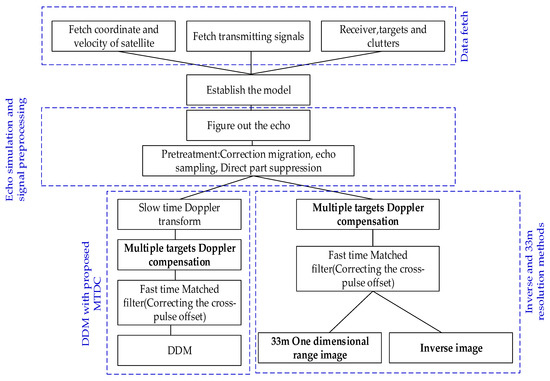 Figure 6 shows the experimental technical scheme of multiple targets and multiple-GNSS-R-signal detection. The technical route of the detection can be divided into three parts: (1) The BDS MEO satellite information can be obtained from the database [29] and the signal can simulate the parameter, as observed in the literature [27,28]. We found the ship model using the physical optics scattering method and simulated the sea clutter with the weibull distribution model; (2) After establishing the detection model, the echo was simulated and preprocessed. Where the echo was sampled, the distance migration and velocity migration were corrected, and the direct part of echo was suppressed; (3) For the third part, we simulated the DDM, 33-meter one-dimensional range image, and inverse image with multiple-target Doppler compensation, 33-meter peak identifying methods, and inverse methods. The proposed method has been bolded in the picture.
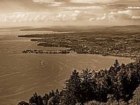 Uitzicht vanaf de top van de Pfänderberg op het Bodenmeer en het landschap van de Oostenrijkse Alpen, sepiatinten
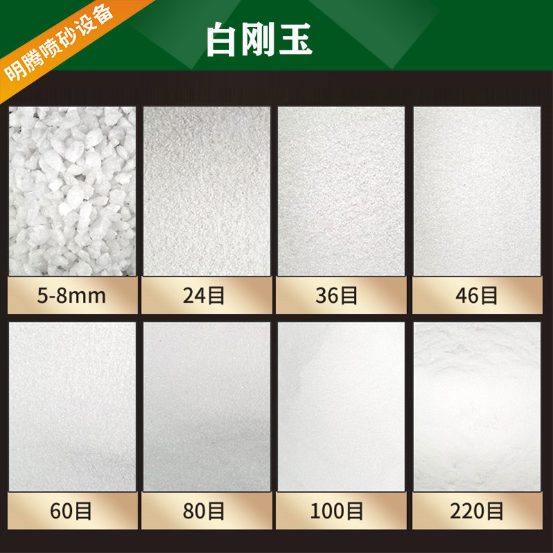 各种高端产品,工艺或五金等产品表面美化处理,喷砂后表面洁白无杂质,免去清洗烦恼。细号白刚玉可作抛光研磨之选。铁质工件去锈、除污、除氧化皮,增大镀层、涂层附着力,铝质工件去氧化皮,表面强化、光饰作用,铜质工件去氧化皮亚光效果、玻璃制品水晶磨砂、刻图案,塑胶制品亚光效果。
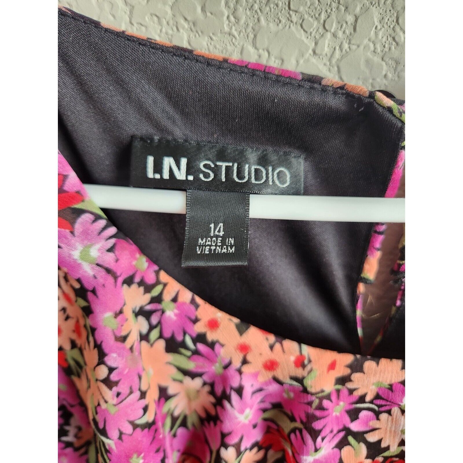 I.N. Studio Womens Sz 14 Knee Length Summer Dress Pink Floral Sleeveless

YOUR INSTRUCTIONS
In the data above, find the line with "各种高端产品,工艺或五金等产" and repeat it and every line after it through the end, exactly; leave the pictures out.

RESULT FOR THIS TASK
 各种高端产品,工艺或五金等产品表面美化处理,喷砂后表面洁白无杂质,免去清洗烦恼。细号白刚玉可作抛光研磨之选。铁质工件去锈、除污、除氧化皮,增大镀层、涂层附着力,铝质工件去氧化皮,表面强化、光饰作用,铜质工件去氧化皮亚光效果、玻璃制品水晶磨砂、刻图案,塑胶制品亚光效果。
 I.N. Studio Womens Sz 14 Knee Length Summer Dress Pink Floral Sleeveless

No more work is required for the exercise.